Currently, the most effective precautionary measure for preventing BDI or near-miss BDI secondary to misidentifying the cystic duct during LC is advice from a member of the surgical team other than the operator [10]. The risk of BDI is reportedly lower in hospitals with a surgical residency program, which highlights the importance of constantly raising the awareness of potential BDI through surgical education [28]. In the future, landmark indication using artificial intelligence may become an important tool that increases the safety of LC.

As well as increasing the safety of LC, easy and accurate landmark detection streamlines the operation. In laparoscopic surgery, surgeons generally rely on visual information because of the lack of tactile sensation.
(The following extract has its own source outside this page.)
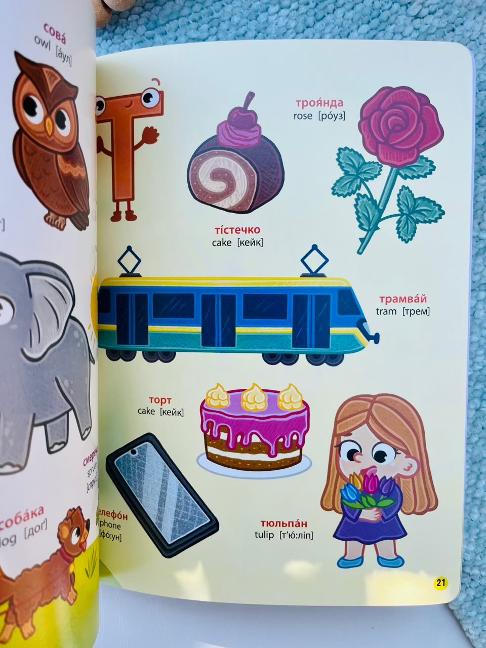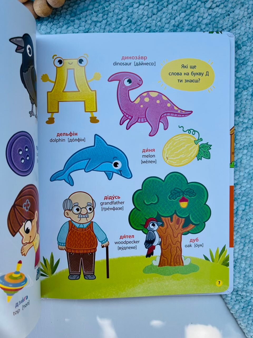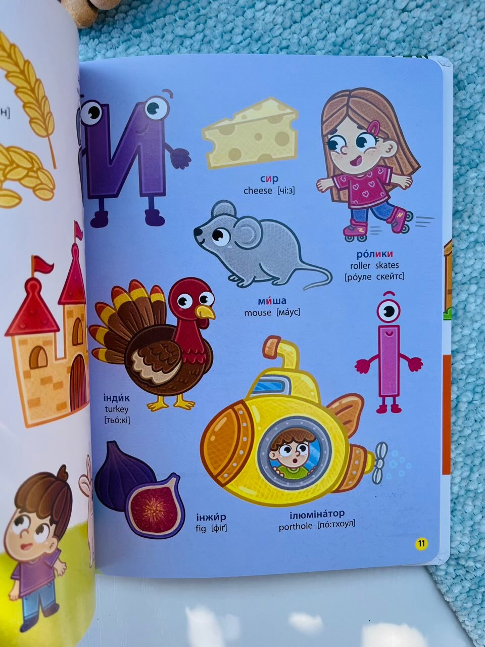 Ця книжка допоможе дитині в ігровій формі вивчити абетку та засвоїти нові слова, навчитися чітко та правильно їх вимовляти, а також сприятиме розвитку логічного мислення та вивченню навколишнього світу. На кожному розвороті малюк бачитиме великі кольорові малюнки, запам’ятовуватиме нові слова, відшукуватиме задані предмети, відповідатиме на запитання. Підписи в книжці подано двома мовами, що зробить вивчення англійської легким і веселим навіть для найменших.

Thus, the surgeon needs to use knowledge based on their own surgical experience and the anatomical position of the organ to recognize the landmarks.
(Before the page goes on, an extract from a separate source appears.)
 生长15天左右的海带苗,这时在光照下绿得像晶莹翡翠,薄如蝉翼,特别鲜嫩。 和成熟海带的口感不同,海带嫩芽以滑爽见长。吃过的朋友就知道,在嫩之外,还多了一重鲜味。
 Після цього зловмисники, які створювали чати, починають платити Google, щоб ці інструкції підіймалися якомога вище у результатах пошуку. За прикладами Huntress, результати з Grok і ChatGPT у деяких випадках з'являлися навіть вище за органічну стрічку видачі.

The verification experiment in this study showed that the landmark indication system we described yielded a similar benefit to having an expert surgeon in the surgical team (Fig. 4). The empirical value of expert surgeons is clearly related to the outcome of therapy, as high-volume centers achieve better outcomes regarding surgical time, bleeding volume, and postoperative complication rates compared with other institutions [29, 30].
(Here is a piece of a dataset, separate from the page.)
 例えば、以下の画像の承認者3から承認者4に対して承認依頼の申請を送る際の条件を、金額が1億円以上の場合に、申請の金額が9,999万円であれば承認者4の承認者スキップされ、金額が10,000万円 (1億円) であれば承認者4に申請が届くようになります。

The proposed intraoperative landmark indication system uses an artificial intelligence technique intraoperatively. The artificial intelligence technique has already been applied in preoperative diagnosis via the detection of abnormalities on computed tomography and radiographic images [31]. Artificial intelligence has also been used for automatic segmentation of the heart and measuring the aorta [32]. Furthermore, the capability of artificial intelligence to detect stomach cancer and polyps during endoscopic inspection is equal to that of skilled doctors [33, 34], and is beginning to be used in clinical practice. Thus, the use of artificial intelligence can effectively share the empirical value of expert surgeons, which improves the outcome of therapy. The landmark indication system proposed in the present study may aid in laparoscopic surgery in other fields, such as gastrointestinal and colorectal surgeries. However, there are no precedents for the use of a medical system based on artificial intelligence for intraoperative decision-making, and the advantages require clarification in the clinical setting.

Guidelines for the use of artificial intelligence in medicine have not yet been established, and it is difficult to clearly understand how deep learning is used to make judgments. It is a common misconception that all artificial intelligence systems automatically change their characteristics during use. In future, the utility of the landmark indication system will be improved by increasing the number of datasets. In addition, a clinical performance test will be scheduled in the near future.

Conclusions

We proposed an intraoperative landmark indication system to prevent BDI in LC. Although the average precisions for each landmark in the YOLOv3 learning model trained with our datasets were low, the two surgeons agreed that valid indications of the landmarks were confirmed in 22 of the 23 LC videos and the prototype system was successfully used in a verification experiment. The use of intraoperative landmark indication systems will help reduce the incidence of BDI, and will increase the safety of LC.